When remote sensing data are available in digital format, digital processing and analysis may be performed using a computer. Digital processing may be used to enhance data as a prelude to visual interpretation. Digital processing and analysis may also be carried out to automatically identify targets and extract information completely without manual intervention by a human interpreter. However, rarely is digital processing and analysis carried out as a complete replacement for manual interpretation. Often, it is done to supplement and assist the human analyst.

Manual interpretation and analysis dates back to the early beginnings of remote sensing for air photo interpretation. Digital processing and analysis is more recent with the advent of digital recording of remote sensing data and the development of computers. Both manual and digital techniques for interpretation of remote sensing data have their respective advantages and disadvantages. Generally, manual interpretation requires little, if any, specialized equipment, while digital analysis requires specialized, and often expensive, equipment. Manual interpretation is often limited to analyzing only a single channel of data or a single image at a time due to the difficulty in performing visual interpretation with multiple images. The computer environment is more amenable to handling complex images of several or many channels or from several dates. In this sense, digital analysis is useful for simultaneous analysis of many spectral bands and can process large data sets much faster than a human interpreter. Manual interpretation is a subjective process, meaning that the results will vary with different interpreters. Digital analysis is based on the manipulation of digital numbers in a computer and is thus more objective, generally resulting in more consistent results. However, determining the validity and accuracy of the results from digital processing can be difficult.

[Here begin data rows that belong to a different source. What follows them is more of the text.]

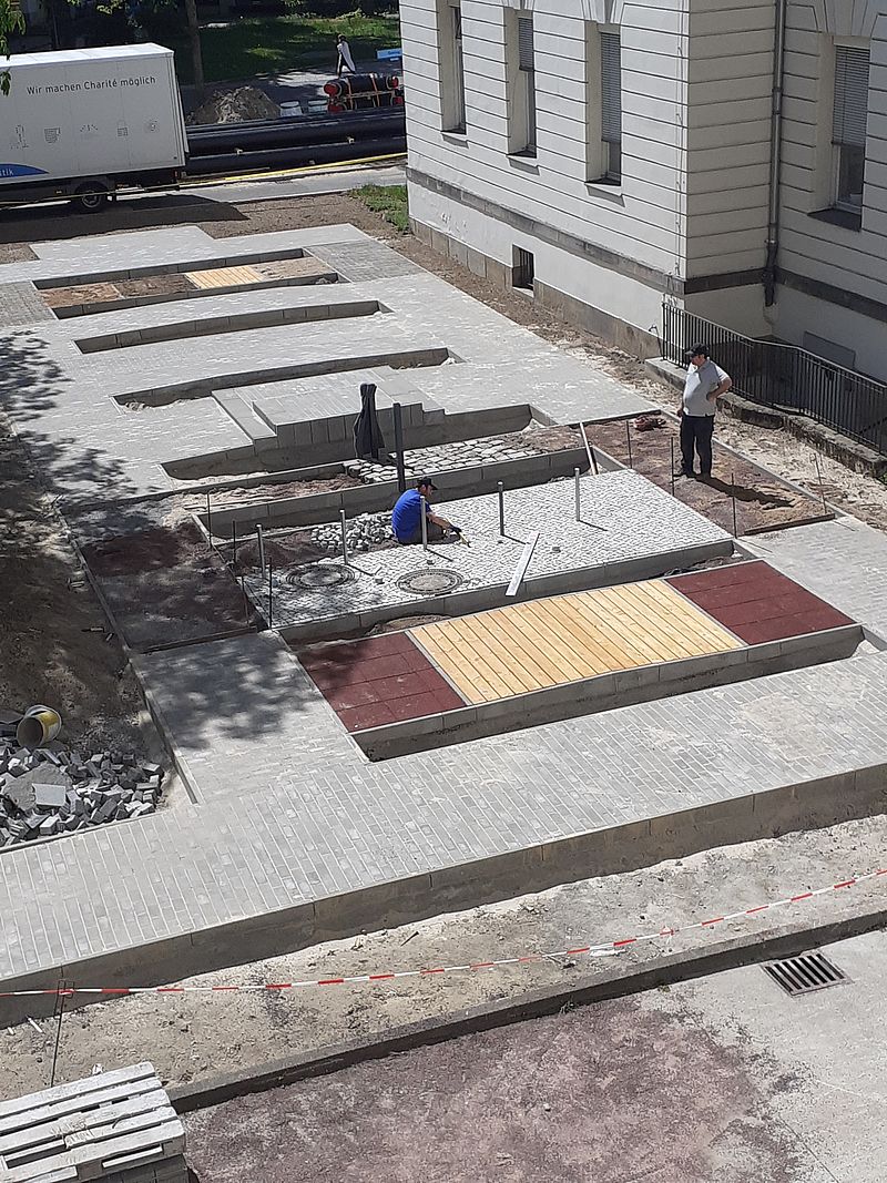Die Idee eines Rollstuhlparcours entstand aus dem Kreis der Physiotherapeutinnen und -therapeuten des Sozialpädiatrischen Zentrums der Charité-Universitätsmedizin Berlin (SPZ) im Rahmen der Behandlung neuropädiatrischer Patientinnen und Patienten. Oft ist zu beobachten, dass die Kinder den Umgang mit dem Rollstuhl mühsam erlernen müssen und im Alltag das nötige Selbstbewusstsein fehlt, damit umzugehen. Auf den Fluren des SPZ können den Kindern nur sehr eingeschränkte Möglichkeiten geboten werden, sich mit dem Rollstuhl auszuprobieren, es fehlt an Platz und entsprechenden Vorrichtungen. So war es naheliegend, am Campus Virchow Klinikum (CVK) in unmittelbarer Nähe der SPZ-Abteilung Neuropädiatrie einen Parcours zu errichten, der über verschiedene Untergründe und Hindernisse verfügt und auf dem die Kinder in geschütztem Rahmen den Umgang mit dem Rollstuhl lernen und intensivieren können. So sollen sie eigenständig werden und einen ersten Schritt in ein selbstbestimmtes Leben machen. In der Abteilung Neuropädiatrie des SPZ werden Patientinnen und Patienten mit unterschiedlichsten neurologischen Krankheitsbildern diagnostiziert, behandelt und therapiert, z.B. Spina bifida, neuromuskuläre Erkrankungen, Epilepsien, Bewegungsstörungen, chronisch-entzündliche ZNS- und neurodegenerative Erkrankungen, Zustand nach Schädelhirntrauma, Hirnfehlbildungen und weitere. Kinder mit lebenslanger Beeinträchtigung des Bewegungsapparats erhalten in der Regel im Alter von ca. drei Jahren ihren ersten Rollstuhl.
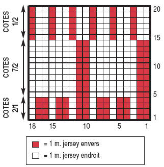A 13-16-19 cm (36-44- 52 rgs) de haut. tot., rab. de ch. 1 fois 2- 3-3 m., puis dim. de ch. côté à 2 m. jersey endr. du bord tous les 2 rgs :
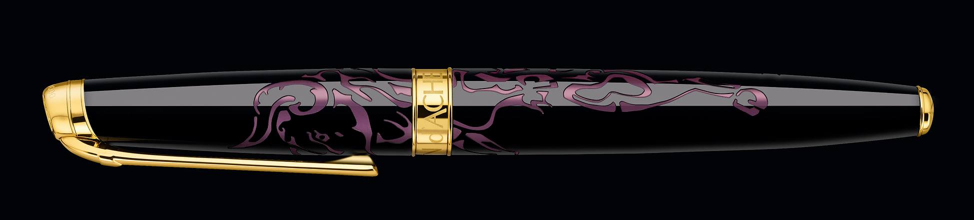 - Emblema: laca de china pulida en negra brillante y logotipo de Caran d´Ache

It is important to reiterate that visual and digital analyses of remote sensing imagery are not mutually exclusive. Both methods have their merits. In most cases, a mix of both methods is usually employed when analyzing imagery. In fact, the ultimate decision of the utility and relevance of the information extracted at the end of the analysis process, still must be made by humans.

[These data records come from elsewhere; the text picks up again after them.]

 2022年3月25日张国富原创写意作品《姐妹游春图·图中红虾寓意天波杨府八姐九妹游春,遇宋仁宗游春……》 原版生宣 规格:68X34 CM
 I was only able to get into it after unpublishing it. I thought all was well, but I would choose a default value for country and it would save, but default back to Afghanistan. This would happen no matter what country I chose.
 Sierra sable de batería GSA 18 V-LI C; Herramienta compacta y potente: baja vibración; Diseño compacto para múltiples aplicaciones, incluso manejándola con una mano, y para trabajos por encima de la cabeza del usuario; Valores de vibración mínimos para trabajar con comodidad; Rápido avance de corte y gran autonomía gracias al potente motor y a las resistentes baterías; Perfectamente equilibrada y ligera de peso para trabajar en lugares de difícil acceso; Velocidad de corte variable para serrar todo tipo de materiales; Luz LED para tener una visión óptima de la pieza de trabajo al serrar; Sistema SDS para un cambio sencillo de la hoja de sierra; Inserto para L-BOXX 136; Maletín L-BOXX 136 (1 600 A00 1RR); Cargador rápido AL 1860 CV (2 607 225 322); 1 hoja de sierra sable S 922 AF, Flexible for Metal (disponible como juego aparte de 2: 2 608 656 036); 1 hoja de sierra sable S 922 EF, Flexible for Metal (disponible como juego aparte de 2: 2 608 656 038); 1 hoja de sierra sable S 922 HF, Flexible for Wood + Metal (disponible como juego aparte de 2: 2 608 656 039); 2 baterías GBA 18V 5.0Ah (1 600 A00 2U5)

Elements of Visual Interpretation

As we noted in the previous section, analysis of remote sensing imagery involves the identification of various targets in an image, and those targets may be environmental or artificial features which consist of points, lines, or areas. Targets may be defined in terms of the way they reflect or emit radiation. This radiation is measured and recorded by a sensor, and ultimately is depicted as an image product such as an air photo or a satellite image.

What makes interpretation of imagery more difficult than the everyday visual interpretation of our surroundings? For one, we lose our sense of depth when viewing a two-dimensional image, unless we can view it stereoscopically so as to simulate the third dimension of height. Indeed, interpretation benefits greatly in many applications when images are viewed in stereo, as visualization (and therefore, recognition) of targets is enhanced dramatically. Viewing objects from directly above also provides a very different perspective than what we are familiar with. Combining an unfamiliar perspective with a very different scale and lack of recognizable detail can make even the most familiar object unrecognizable in an image. Finally, we are used to seeing only the visible wavelengths, and the imaging of wavelengths outside of this window is more difficult for us to comprehend.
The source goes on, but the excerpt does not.